How the 10.0 selection pipeline worked (click to expand)

The 10.0 pipeline in brief. ~2,200 people applied. Each applicant went through three stages:

  1. Stage 1 — submitted background / experience / motivation, picked which research tracks they were interested in (Empirical, Policy & Strategy, Technical Governance, Theory, Compute Infrastructure). An LLM screen filtered out applicants who clearly didn't meet a minimum bar, and produced advisory per-stream recommendations.
  2. Stage 2 — applicants who passed Stage 1 had their materials scored by LLM-graded rubrics. The empirical track used a composite score combining Research Skills, Technical Execution (split into MLE, SWE, Math sub-scores), and Soft Skills. The top ~600 by composite advanced to Stage 3.
  3. Stage 3 — applicants chose specific mentors / "streams" to apply to. Each stream reviewed its applicants and produced a ranked list. Top-ranked applicants got offers; lower-ranked got waitlisted. ~120 offers were made.

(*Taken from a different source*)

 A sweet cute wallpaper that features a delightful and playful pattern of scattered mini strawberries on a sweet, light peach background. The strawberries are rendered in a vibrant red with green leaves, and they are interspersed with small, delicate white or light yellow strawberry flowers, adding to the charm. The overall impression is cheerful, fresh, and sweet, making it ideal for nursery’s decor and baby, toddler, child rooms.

For the empirical track, the composite formula is 0.50·RS + 0.35·TE + 0.15·SS, where TE = 0.50·MLE + 0.30·SWE + 0.20·Math. A "relevance multiplier" (Direct=1.0 / Adjacent=0.85 / Distant=0.60) is applied to Research Skills based on how the applicant's experience matches the streams they applied to.

Outcome definitions (click to expand)

Outcome definitions used throughout these analyses:

Context on Megastream and AFP

Megastream reviewed all ~600 Stage-3 empirical applicants and sent the takehome to ~80–112 of them; ~87 completed it. AFP (Anthropic Fellows Program) is a parallel program Anthropic runs; some MATS applicants were also considered via AFP. AFP-only applicants ('Considering via AFP' status) did not take the MATS Megastream takehome and are excluded from this analysis.

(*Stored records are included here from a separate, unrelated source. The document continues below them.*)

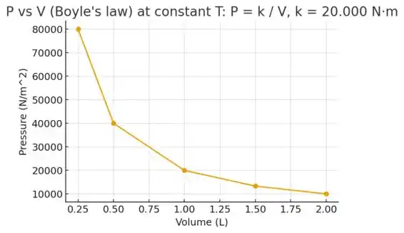 Conforme discutido nesta seção, a lei de Boyle estabelece que, a uma temperatura constante, a pressão P exercida por um gás está relacionada ao volume V pela equação PV=k.
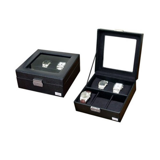 This is a watch display box made of high-quality leather in black. It comes with a window on the cover for added convenience. The soft cushions can protect your watches from scratches.
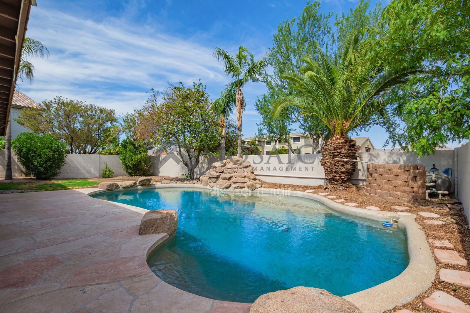 This astounding 4 bed 2 bath will not disappoint with tons of natural light, granite countertops, and a spacious floor plan. The vaulted ceilings open up the home. The open kitchen offers a center island, oak cabinets, black appliances and gorgeous granite countertops. A separate den provides a nice flex space as an office, gym or play room! The main suite offers the perfect getaway with private access to the backyard, separate shower and tub and dual vanity. Enjoy desert living at its finest with your backyard oasis featuring sparkling pool with beautiful waterfall, extended covered patio and lush landscaping. Do not miss out on this Scottsdale gem!
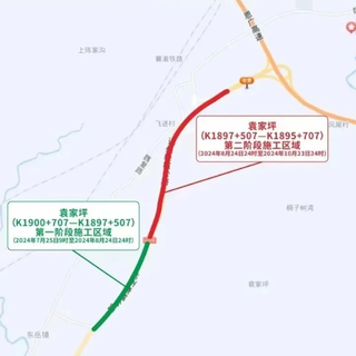 2.西侧道路封闭施工期间,东侧道路临时调整为双向通行,前往复兴镇方向车辆在袁家坪K1897+507处恢复西侧道路通行。

A takehome score of 0 = applicant was invited but didn't complete; these are also excluded.

Headline

Of 87 Megastream/AFP takehome takers, TE (SWE) has the strongest Spearman correlation with takehome score (ρ = +0.152, 95% CI [-0.065, +0.363]). The 10.0 composite specifically: ρ = +0.046 [-0.174, +0.263]; CodeSignal: ρ = +0.147 [-0.081, +0.364].

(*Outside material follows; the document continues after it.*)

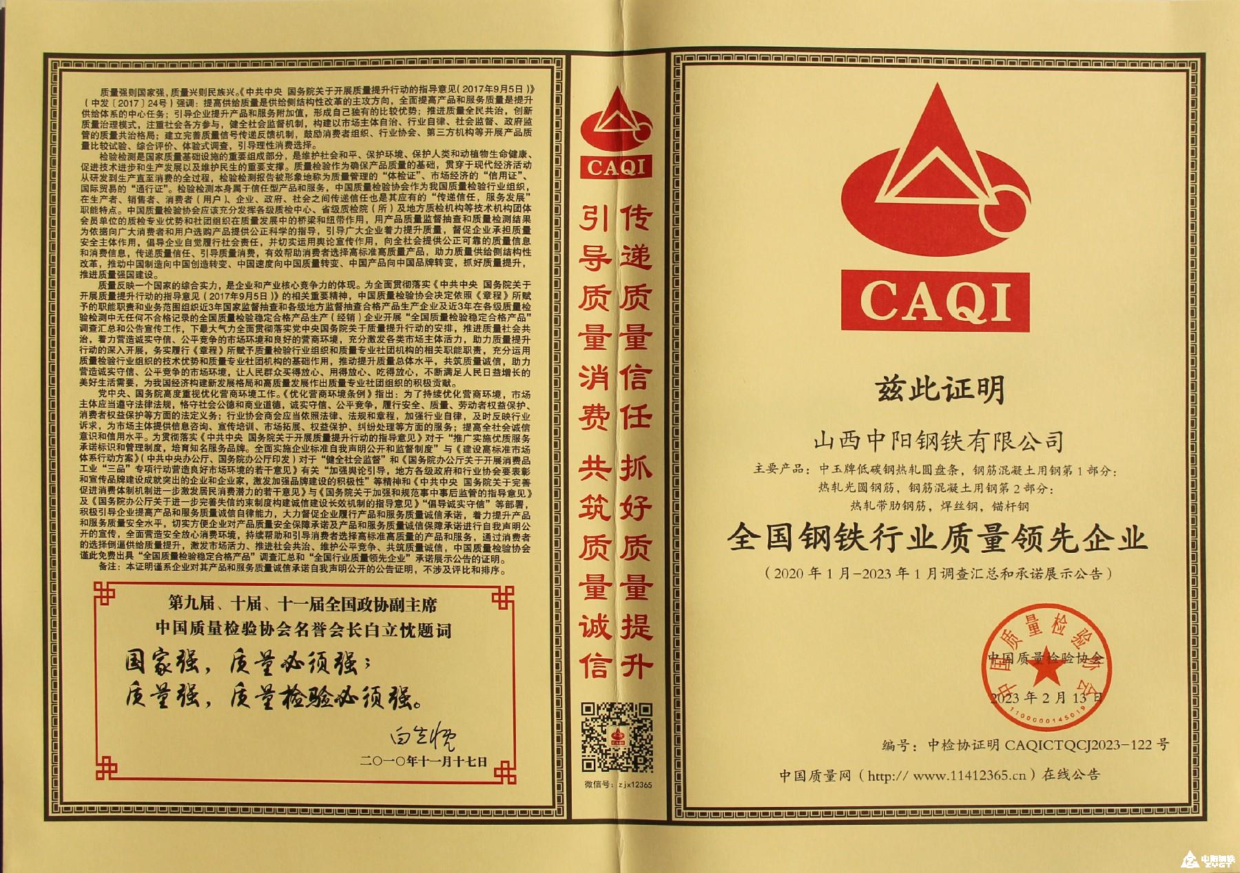 2023年全国钢铁行业质量领先企业

Spearman correlations with takehome score

Predictor n Spearman ρ 95% CI
Empirical composite 87 +0.046 [-0.174, +0.263]
CodeSignal score 87 +0.147 [-0.081, +0.364]
RS · relevance 43 -0.072 [-0.341, +0.237]
TE (MLE) 87 +0.051 [-0.146, +0.254]
TE (SWE) 87 +0.152 [-0.065, +0.363]
TE (Math) 87 -0.169 [-0.371, +0.045]
Soft skills 87 -0.089 [-0.285, +0.116]

AUC for predicting above-median takehome score

Predictor n AUC 95% CI
Empirical composite 87 0.438 [0.317, 0.564]
CodeSignal score 87 0.604 [0.481, 0.726]
RS · relevance 43 0.419 [0.262, 0.605]
TE (MLE) 87 0.564 [0.457, 0.677]
TE (SWE) 87 0.580 [0.463, 0.695]
TE (Math) 87 0.337 [0.233, 0.456]
Soft skills 87 0.391 [0.279, 0.498]

Composite vs. takehome (scatter)

Status breakdown

ms_status n th_mean th_median composite_mean ranked_p
-> Offer 6 31.83 32.00 2.87 1.00
Reject 1 26.00 26.00 2.95 0.00
Reject (post TH) 80 22.18 22.25 2.72 0.29

Takeaways

  1. The 10.0 composite shows essentially no correlation with the Megastream takehome score — point estimate +0.05, CI brackets zero. This is the cleanest external-validity check we have, and it comes back null.
  2. CodeSignal does slightly better (ρ = +0.15) — modest but in the right direction. Consistent with the 8.0 paradox: CodeSignal captures something narrowly technical that other engineering tests also capture.
  3. Caveat — small n and severe range restriction. All 87 takehome takers cleared multiple selection bars to get there; variance in their composite scores is squeezed. Population-level correlations would likely be higher.
  4. Read this in conjunction with Part C (mentor-eval validation). The pattern of "composite predicts selection but not external performance" is what 8.0 showed for CodeSignal specifically. If the same shape shows up in mentor evaluations in Part C, that's a much stronger signal than this single under-powered analysis.
🔧 Debug — how the data was interpreted (click to expand; safe to skip)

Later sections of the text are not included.